На Мячковском кургане, 12 октября
Никогда не проезжаю Мячковского кургана без того, чтобы не взойти на него. Бывало, в красные дни природы и моей родины останавливался я здесь любоваться прелестными видами. Тогда все восхищало меня: и светлая в извилинах Москва-река, многочисленными судами покрытая, и селения, на живописных ее берегах расположенные, и расписные, пестрые луга с озерами своими, и белые известковые горы, вечно дымящиеся наподобие маленьких Везувиев. Тогда любил по целым часам взорами и сердцем бродить с возвышений, одетых цветными коврами, на пригорки, далеко золото жатв разливающие, – из Мячкова, господствующего над мрачными лесами, в живописное Быково, собой в водах красующееся, – и, наконец, в туманном сизом отдалении искать Москвы белокаменной. Ныне, когда пожары войны пылают еще на родном небосклоне, когда природа и люди унылы, прихожу сюда внимать бурям осенним и смотреть, как черные тучи несутся над головой моей, как вихорь роет желтые листья и мчит их по крутому берегу. Смерть и разрушение почиют на холмах могильных, печальна окрестность, мрачна и душа моя!
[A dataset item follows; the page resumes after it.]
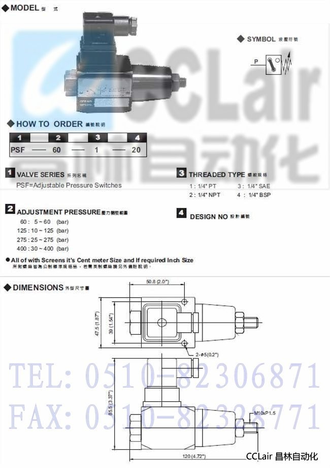 詳細(xì)信息 PSF-60-2-20,PSF-125-2-20,PSF-275-2-20,PSF-400-2-20,調(diào)整式壓力開關(guān),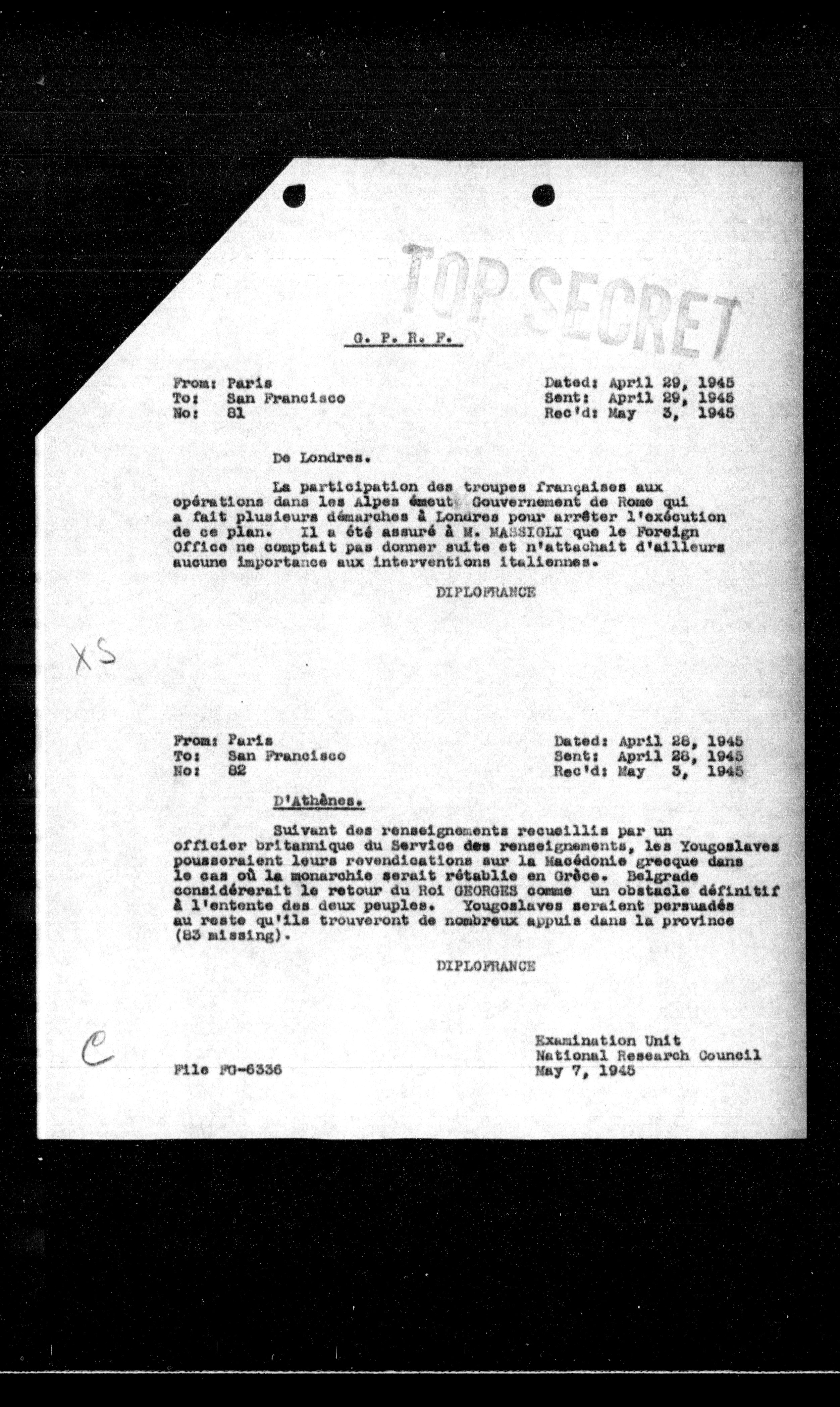 Suivant des renseignements recueillis par un officier britannique du Service des renseignements, les Yougoslaves pousseraient leurs revendications sur la Macédoine grecque dans le cas où la monarchie serait rétablie en Grèce. Belgrade considérerait le retour du Roi GEORGES comme un obstacle définitif à l'entente des deux peuples. Yougoslaves seraient persuadés au reste qu'ils trouveront de nombreux appuis dans la province (83 missing).

Без риторической фигуры можно, конечно, сказать, что всякая высота возвышает чувства и мысли. Стою на гордом кургане и повторяю за прекрасным певцом его:
Никогда не чувствовал я так сильно красоты сего изречения, как теперь, стоя на сей величественной насыпи, которой святыню берегли веки; на сем памятнике славы наших предков и могил храбрых. Так, на сем знаменитом холме, клянусь прахом отцов моих и тобой, родина священная! клянусь, что честь и Отечество будут везде моими спутниками, и если изгоню их когда-нибудь из моего сердца, если забуду их в пылу битв и мирных хижинах, то пусть недостоин буду имени русского, пускай все милое мне и Бог меня забудут!